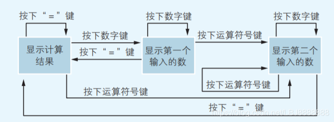 的计算器应用程序就可以看作包含三个 状态:“显示计算结果”“显示第一个输入的数”以及“显示第二个输入的 数”。随着用户按下不同种类的按键,状态也会发生转变。在状态转化图 中,在矩形中写上状态的名称,用箭头表示状态转化的方向,并且在箭 头上标注引起状态转化的原因(事件)
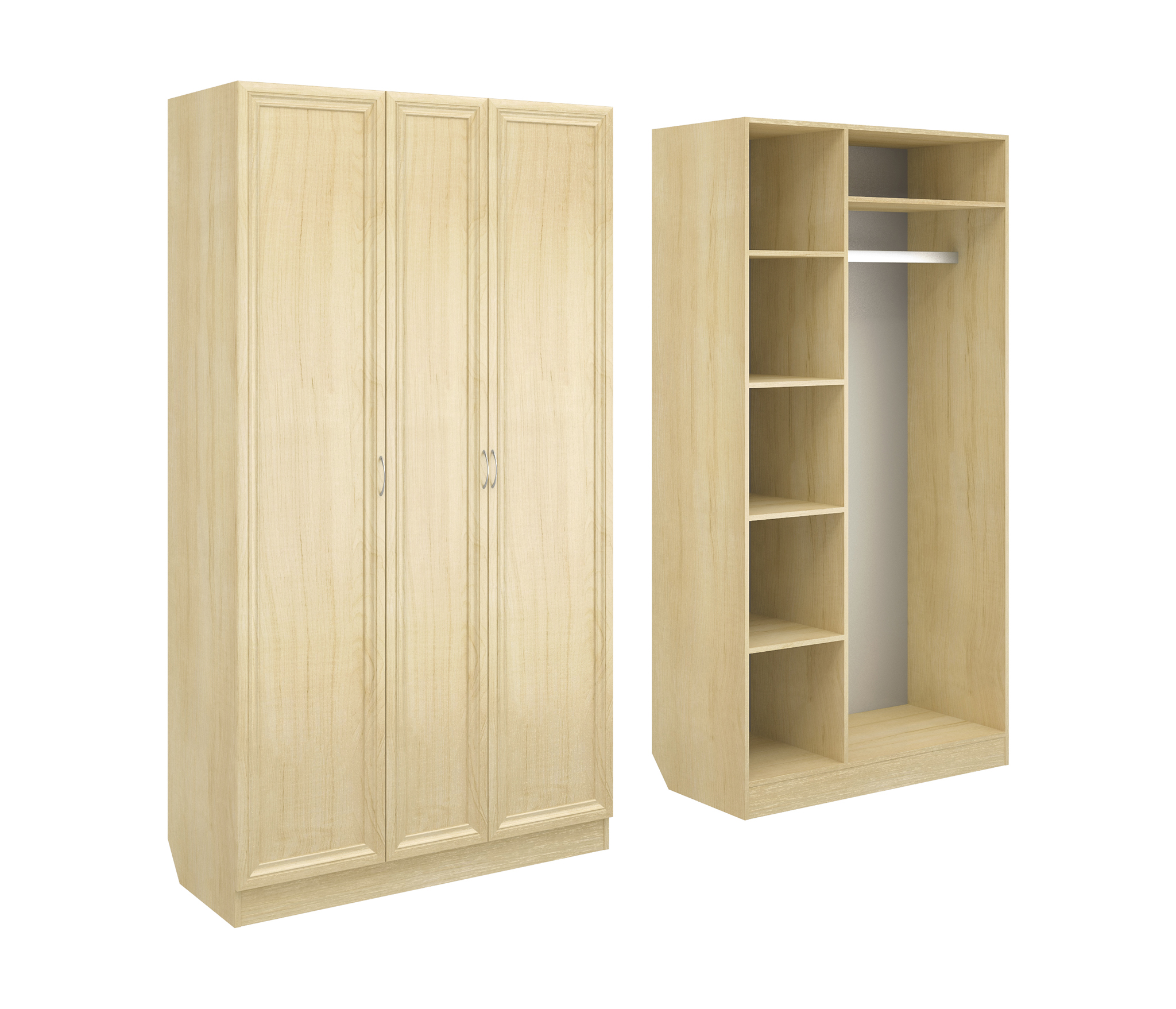 Корпус шкафа выполнен из Ламинированной ДСП высокого качества с насыщенным цветом. Фасады выполнены из материала МДФ.Ширина шкафа 90 см., большая и функциональная трёхстворчатая модель. В левой секции ниши для сложенных вещей. Справа штанга для одежды.
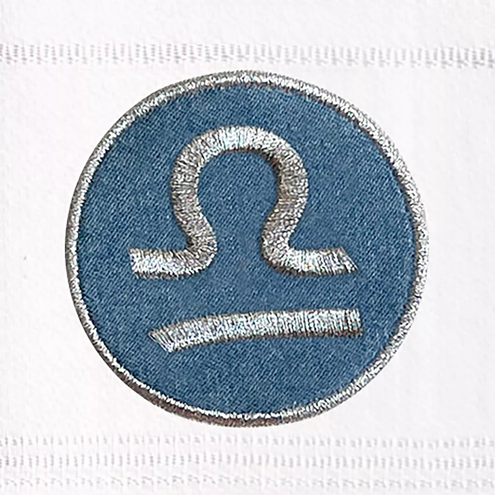 - Features your sparkling metallic horoscope sign embroidered on a washed denim applique
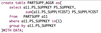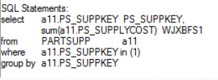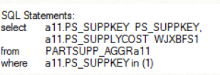 After adding the aggregated table into the architecture and creating the consistent attribute and metric on the aggregation table PARTSUPP_AGGR, the report SQL is:
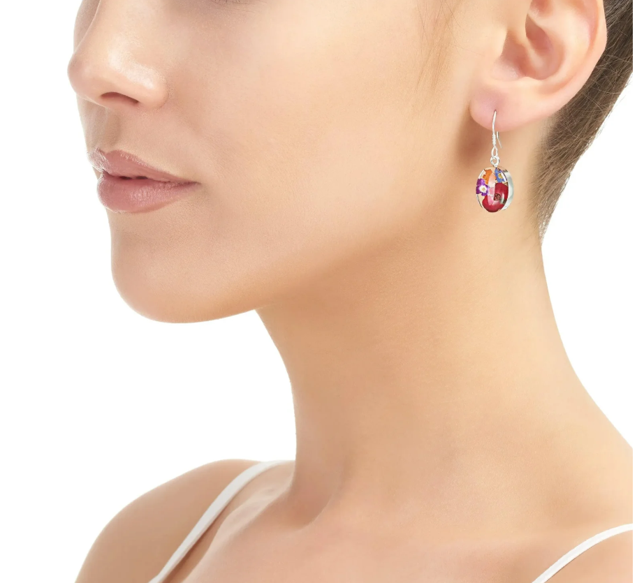 The red petals symbolize passion, strength, and beauty, while the pops of purple and orange add a bohemian touch, perfect for lovers of nature-inspired jewellery. Handmade with real flowers by Shrieking Violet®, these earrings bring the beauty of a blooming garden to your look, offering a blend of elegance and artisan craftsmanship.
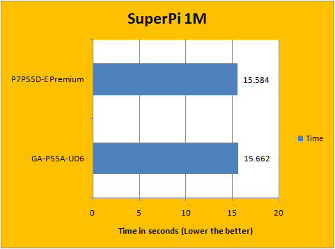 Using SuperPi to calculate to one million digits, our system equipped with the Asus motherboard had a slight performance edge. The end timing put the P7P55D-E Premium at an 0.078 second advantage.

• _The task_:
Each line of the material needs to be given again exactly, without any of its pictures.

• _Solution to the exercise_:
 的计算器应用程序就可以看作包含三个 状态:“显示计算结果”“显示第一个输入的数”以及“显示第二个输入的 数”。随着用户按下不同种类的按键,状态也会发生转变。在状态转化图 中,在矩形中写上状态的名称,用箭头表示状态转化的方向,并且在箭 头上标注引起状态转化的原因(事件)
 Корпус шкафа выполнен из Ламинированной ДСП высокого качества с насыщенным цветом. Фасады выполнены из материала МДФ.Ширина шкафа 90 см., большая и функциональная трёхстворчатая модель. В левой секции ниши для сложенных вещей. Справа штанга для одежды.
 - Features your sparkling metallic horoscope sign embroidered on a washed denim applique
 After adding the aggregated table into the architecture and creating the consistent attribute and metric on the aggregation table PARTSUPP_AGGR, the report SQL is:
 The red petals symbolize passion, strength, and beauty, while the pops of purple and orange add a bohemian touch, perfect for lovers of nature-inspired jewellery. Handmade with real flowers by Shrieking Violet®, these earrings bring the beauty of a blooming garden to your look, offering a blend of elegance and artisan craftsmanship.
 Using SuperPi to calculate to one million digits, our system equipped with the Asus motherboard had a slight performance edge. The end timing put the P7P55D-E Premium at an 0.078 second advantage.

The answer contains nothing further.